- Information supplied:
*** Begin section ***

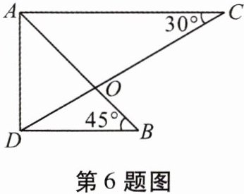 6. 将一副三角板按如图所示的方法叠放,则 $S_{\triangle AOC}:S_{\triangle DOB}= $______
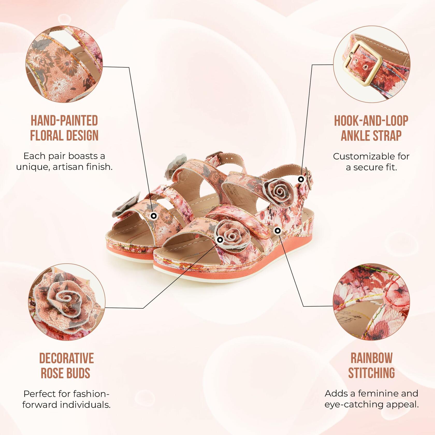 L'Artiste Style: JOELINA-DAZI French inspired design, hand painted leather sandal with triple adjustability. Featuring unique color blocking, two rose buds and our signature rainbow stitching. This is
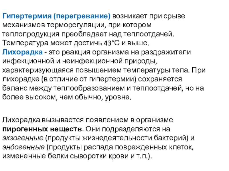 Слайд 16Гипертермия (перегревание) возникает при срыве
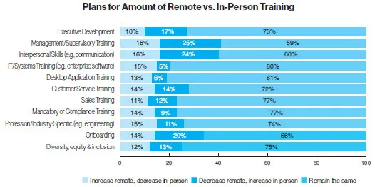 In terms of training delivery in the wake of the COVID-19 pandemic, companies have begun transitioning from remote training back to in-person training for some skills. These include management/supervisory training (41 percent), onboarding (40 percent), and interpersonal skills training (33 percent). Other training returning to some in-person facilitation included customer service training (24 percent); profession/industry-specific training (23 percent); mandatory/compliance training (21 percent); and diversity, equity, and inclusion training (20 percent).

*** End section ***

Each line from the first line of the data above through the one containing "Слайд 16Гипертермия (перегревание)" must be set down exactly; the pictures must not be.

 6. 将一副三角板按如图所示的方法叠放,则 $S_{\triangle AOC}:S_{\triangle DOB}= $______
 L'Artiste Style: JOELINA-DAZI French inspired design, hand painted leather sandal with triple adjustability. Featuring unique color blocking, two rose buds and our signature rainbow stitching. This is
 Слайд 16Гипертермия (перегревание) возникает при срыве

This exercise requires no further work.